• [Records provided]:
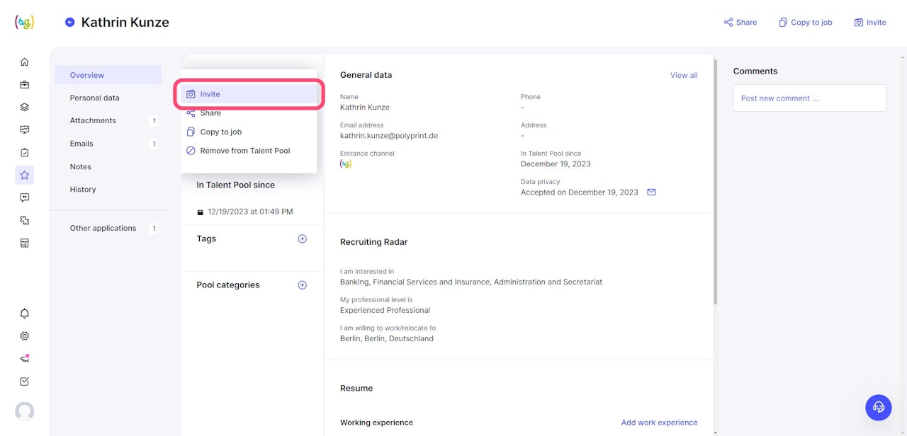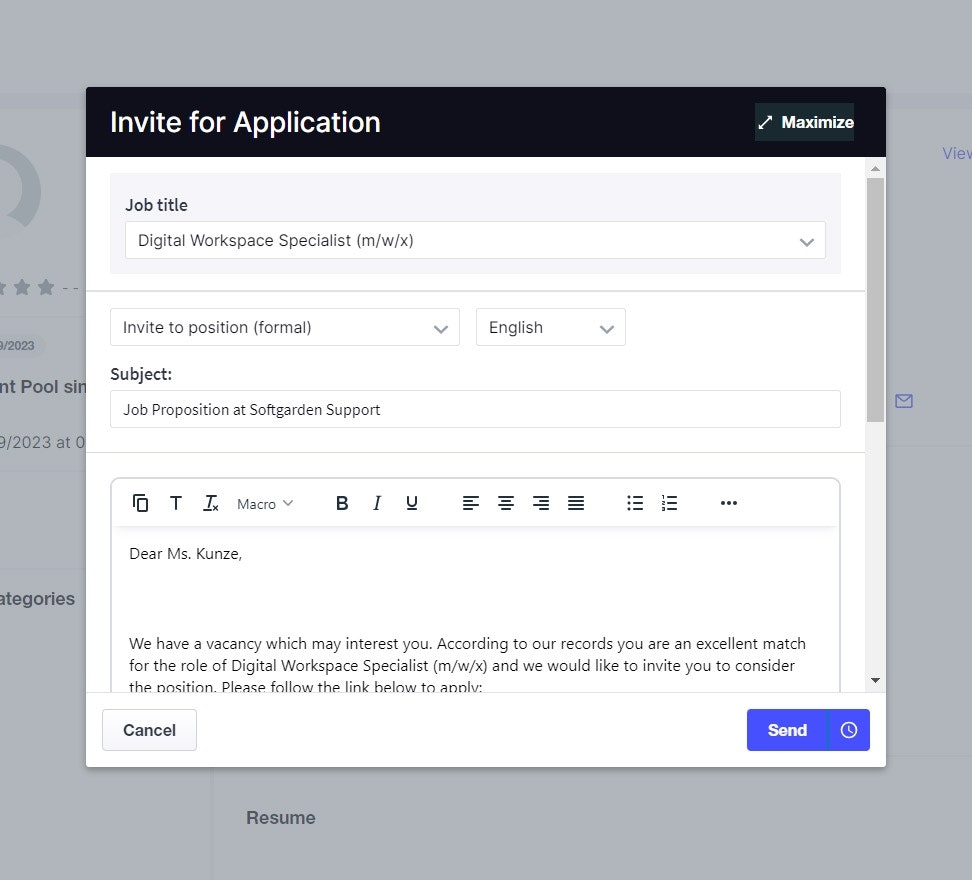 Subsequently, a new window opens, listing all your jobs in a dropdown menu. You can select the desired position before sending the invitation via email.
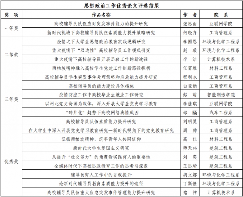 此次作品征集活动,得到学校广大思想政治工作者的积极响应。精品微课程作品以指导和帮助辅导员解决工作中的实际问题为原则,涵盖理论阐释与实践指导,具有针对性和实效性,各课程团队不断锤炼课程,精心设计教学环节,提升课程内涵。思想政治工作论文作品以习近平新时代中国特色社会主义思想为指导,与米兰在线(中国)唯一官方网站思想政治工作实际相结合,在理论框架下创新工作方法和路径,有较强的学术或应用价值。在评审过程中,各环节严格把关,坚持政治底线、学术立场、应用价值、质量为上,做到好中选优。经过自主申报、查重审核、专家盲审等环节,共评选出精品微课程7门、思想政治工作论文20篇,同时择优选取部分作品推荐至省级有关部门。
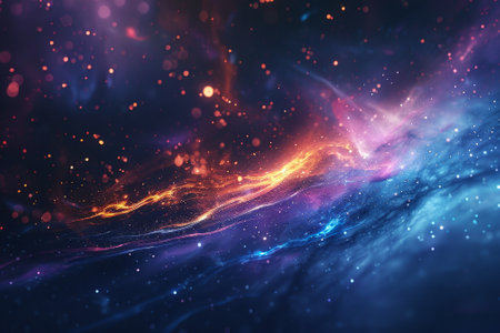 Vibrant abstract background displaying spiritual energy with swirling colors and glowing particles, evoking a sense of cosmic connection and tranquility
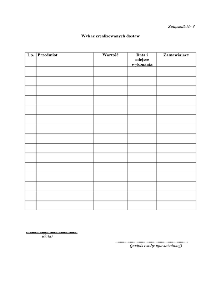 Załącznik Nr 3 Wykaz zrealizowanych dostaw Lp. Przedmiot Wartość Data i miejsce wykonania Zamawiający .............................................. (data) ................................................................. (podpis osoby upowaŜnionej)
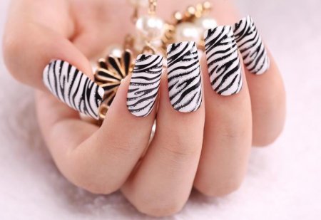 Учитывая, что в этом сезоне принты завладели модным подиумом, то не удивительно видеть их и на ногтях. Среди тенденций маникюра присутствует красочный животный принт, абстрактные формы и даже надписи.
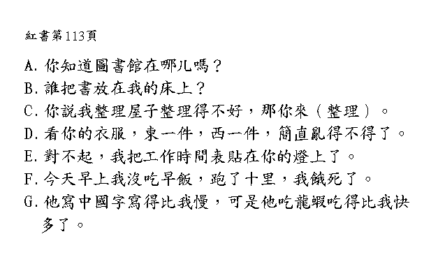 E .對不起,我把工作(gong1 zuo4)時間表(biao3)貼(tie1)在你的燈(deng1)上了。
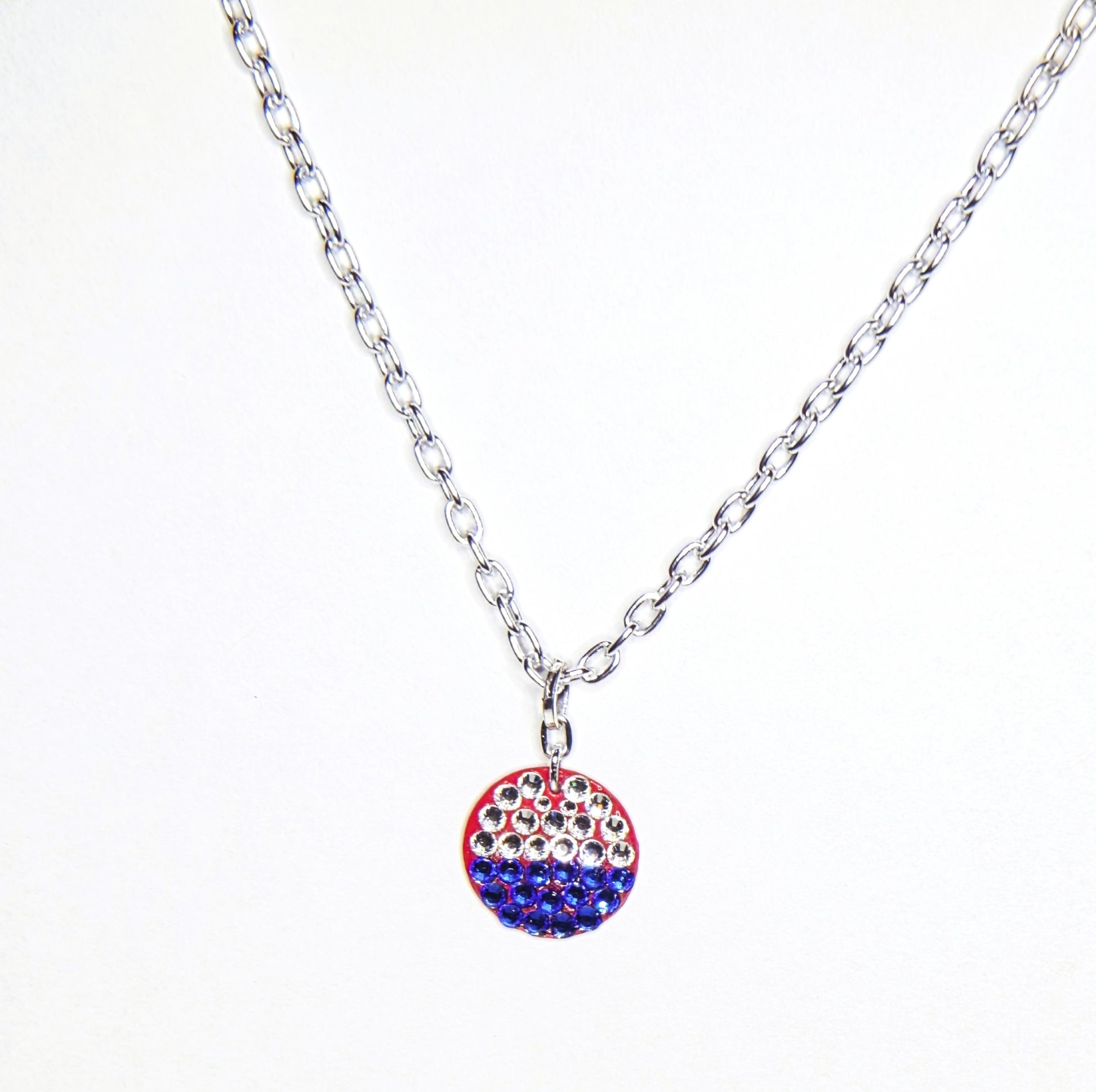 - THE PENDANT IS 3/4" ROUND SHAPED, AND HANGS ON A 24" LIGHTWEIGHT ADJUSTABLE SILVER LINK CHAIN, WITH AN ACCENT CHARM
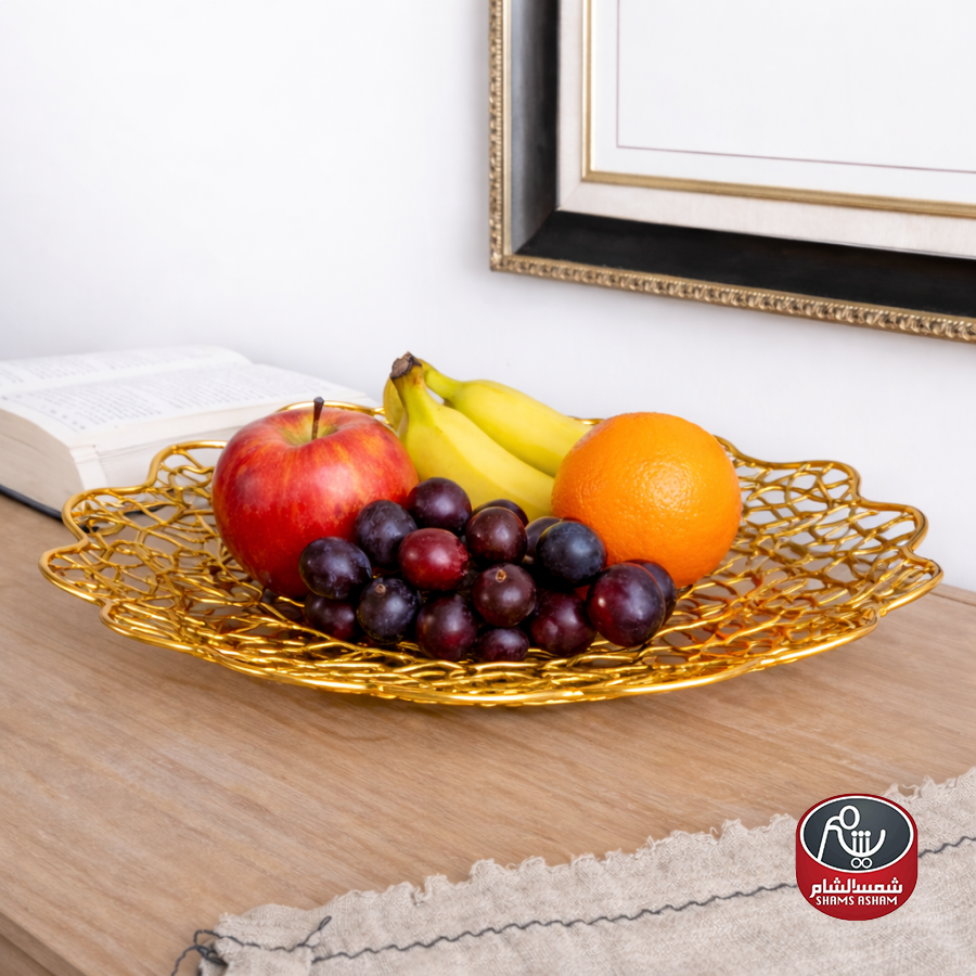 تصميم أنيق بحواف مموجة ولمعة ذهبية فاخرة، مثالي لتقديم الحلويات والفواكه والمكسرات أو كقطعة ديكور على طاولة السفرة

• [Your task]: Above are some records. Reproduce the lines from the one with "Załącznik Nr 3" down to the one with "Учитывая, что в", keeping both, and leave every picture out.

• [Exercise solution]:
 Załącznik Nr 3 Wykaz zrealizowanych dostaw Lp. Przedmiot Wartość Data i miejsce wykonania Zamawiający .............................................. (data) ................................................................. (podpis osoby upowaŜnionej)
 Учитывая, что в этом сезоне принты завладели модным подиумом, то не удивительно видеть их и на ногтях. Среди тенденций маникюра присутствует красочный животный принт, абстрактные формы и даже надписи.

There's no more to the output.